The CA further noted that the pre-printed statement and oath contained a general admission of guilt, which was sufficient evidence that Trillanes complied with the requirement.

Even though Trillanes could no longer present his copy of his application form, the CA faulted the government for failing to maintain its records and letting seven years pass by before go after him.

“Lamentable as it is, since this entire controversy is anchored on the purported inexistence of this application form, it would be certainly unfair, however, if private respondent or any other applicant-grantee for that matter would be allowed to suffer the consequences of the negligence or inefficiency of said public officer or office,” read the decision.

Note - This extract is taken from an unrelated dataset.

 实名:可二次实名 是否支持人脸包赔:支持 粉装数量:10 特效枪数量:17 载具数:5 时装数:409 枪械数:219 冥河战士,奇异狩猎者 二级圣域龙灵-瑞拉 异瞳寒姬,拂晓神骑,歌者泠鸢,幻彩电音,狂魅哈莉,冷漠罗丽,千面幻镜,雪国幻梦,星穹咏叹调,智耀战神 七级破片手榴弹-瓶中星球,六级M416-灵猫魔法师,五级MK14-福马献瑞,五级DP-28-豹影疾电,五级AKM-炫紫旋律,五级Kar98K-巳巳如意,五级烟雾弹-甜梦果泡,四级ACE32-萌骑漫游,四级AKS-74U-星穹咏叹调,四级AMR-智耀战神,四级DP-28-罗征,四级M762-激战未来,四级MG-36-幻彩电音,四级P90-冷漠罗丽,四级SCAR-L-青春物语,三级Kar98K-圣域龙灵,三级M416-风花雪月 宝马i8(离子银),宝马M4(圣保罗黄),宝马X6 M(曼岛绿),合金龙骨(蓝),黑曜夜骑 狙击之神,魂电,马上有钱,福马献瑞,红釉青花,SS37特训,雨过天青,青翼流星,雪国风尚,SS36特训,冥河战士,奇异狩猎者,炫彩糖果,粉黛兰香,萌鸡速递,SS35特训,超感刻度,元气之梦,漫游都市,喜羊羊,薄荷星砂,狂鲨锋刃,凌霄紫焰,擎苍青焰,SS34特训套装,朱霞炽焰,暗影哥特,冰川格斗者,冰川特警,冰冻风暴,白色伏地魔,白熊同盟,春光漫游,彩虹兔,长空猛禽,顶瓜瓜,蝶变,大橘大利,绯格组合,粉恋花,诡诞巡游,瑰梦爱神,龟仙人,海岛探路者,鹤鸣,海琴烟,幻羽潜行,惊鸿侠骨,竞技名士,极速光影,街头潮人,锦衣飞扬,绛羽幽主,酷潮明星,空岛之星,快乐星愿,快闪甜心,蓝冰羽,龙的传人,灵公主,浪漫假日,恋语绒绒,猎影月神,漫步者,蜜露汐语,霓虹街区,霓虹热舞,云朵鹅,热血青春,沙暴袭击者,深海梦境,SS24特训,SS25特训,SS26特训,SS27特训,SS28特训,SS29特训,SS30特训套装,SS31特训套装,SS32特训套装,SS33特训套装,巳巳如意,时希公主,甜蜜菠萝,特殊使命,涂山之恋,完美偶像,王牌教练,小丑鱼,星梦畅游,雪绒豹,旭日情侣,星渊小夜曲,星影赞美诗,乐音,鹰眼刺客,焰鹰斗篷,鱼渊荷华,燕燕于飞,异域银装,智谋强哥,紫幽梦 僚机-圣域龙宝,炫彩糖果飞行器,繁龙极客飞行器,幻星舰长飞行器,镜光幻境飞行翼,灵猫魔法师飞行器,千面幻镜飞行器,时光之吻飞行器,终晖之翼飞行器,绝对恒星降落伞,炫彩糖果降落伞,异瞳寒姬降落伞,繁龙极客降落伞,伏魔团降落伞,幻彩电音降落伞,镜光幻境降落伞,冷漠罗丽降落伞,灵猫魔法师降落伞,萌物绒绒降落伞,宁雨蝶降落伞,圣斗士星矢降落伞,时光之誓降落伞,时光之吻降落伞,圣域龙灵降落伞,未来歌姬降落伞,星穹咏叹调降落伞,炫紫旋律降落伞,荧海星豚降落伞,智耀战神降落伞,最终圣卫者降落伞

The CA also questioned the government’s logic that Trillanes’s amnesty was processed by a DND committee and was therefore a usurpation of the President’s power to grant amnesty.

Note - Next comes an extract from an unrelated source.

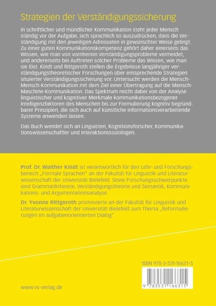 In schriftlicher und mündlicher Kommunikation steht jeder Mensch ständig vor der Aufgabe, sich sprachlich so auszudrücken, dass die Verständigung mit den jeweiligen Adressaten in gewünschter Weise gelingt. Zu einer guten Kommunikationskompetenz gehört daher einerseits das Wissen, wie man von vornherein Verständigungsprobleme vermeidet, und andererseits bei Auftreten solcher Probleme das Wissen, wie man sie löst. Kindt und Rittgeroth stellen die Ergebnisse langjähriger verständigungstheoretischer Forschungen über entsprechende Strategien situierter Verständigungssicherung vor. Untersucht werden die Mensch-Mensch-Kommunikation mit dem Ziel einer Übertragung auf die Mensch-Maschine-Kommunikation. Das Spektrum reicht dabei von der Analyse linguistischer und kognitiver Merkmale kommunikationsbezogener Intelligenzfaktoren des Menschen bis zur Formulierung kognitiv begründbarer Prinzipien, die sich auch auf künstliche informationsverarbeitende Systeme anwenden lassen.

It noted that the government cannot accuse Trillanes of failing to comply with the requirements of President Benigno Simeon Aquino III’s Proclamation number 75 and at the same time claim that the proclamation delegating the grant of amnesty was invalid to begin with.

“This Court cannot comprehend the mental calisthenics entailed by the janus-faced position petitioner assumed in this case. Why would it invoke the provisions of a proclamation which it would later on claim to be invalid due to being unconstitutional?” read the decision.

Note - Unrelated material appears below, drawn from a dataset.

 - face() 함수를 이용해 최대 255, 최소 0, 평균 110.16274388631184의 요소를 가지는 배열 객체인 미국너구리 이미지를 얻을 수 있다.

These findings meant that the September 21, 2011 order of the RTC dismissing the coup d’etat case was not void due to Trillanes’s compliance with the requirements of conditional amnesty. The CA stressed that the judgment was already final and could no longer be disturbed by the Duterte administration’s renewed push to punish his critic.

Still, the CA disagreed with Judge Soriano’s pronouncement that Duterte’s Proclamation Number 572 was unconstitutional.

It stressed that “nothing in the 1987 Constitution which prohibits the President to revoke the grant of a conditional amnesty, if he finds that the grantee failed to comply with the conditions thereof.”

It added that Duterte’s proclamation did not declare Aquino’s proclamation null and void and was thus not an unconstitutional exercise of judicial power.

The CA ruled that Duterte validly exercised his power of control over the executive branch of government, because his proclamation revoking Trillanes’s amnesty may be seen as an act of correcting his erroneous inclusion by the DND ad hoc committee as among those qualified for amnesty.

It also held that there was no violation of Trillanes’s right to due process because the proclamation directed law enforcers to “employ all lawful means” to apprehend him—precisely why authorities had to return to the Makati City courts to seek the revival of his terminated coup d’etat and rebellion charges.

The CA added that Trillanes’s right against double jeopardy was not violated because the previous dismissal of the cases was done with his express consent.

Likewise, the CA held that his right to equal protection of the laws was not violated. Contrary to his claim that he was singled out by Duterte, the CA said it just so happened that he was thought to have failed to file a valid application for amnesty.

But, again, the CA stressed: “Notwithstanding this Court’s finding that an alleged noncompliance with the conditions attached to Proclamation No. 75 is a valid ground to review the grant of conditional amnesty, such non-compliance must be proven before the amnesty may be validly revoked. In other words, there must be a factual basis for the nullification or revocation of a conditional amnesty.”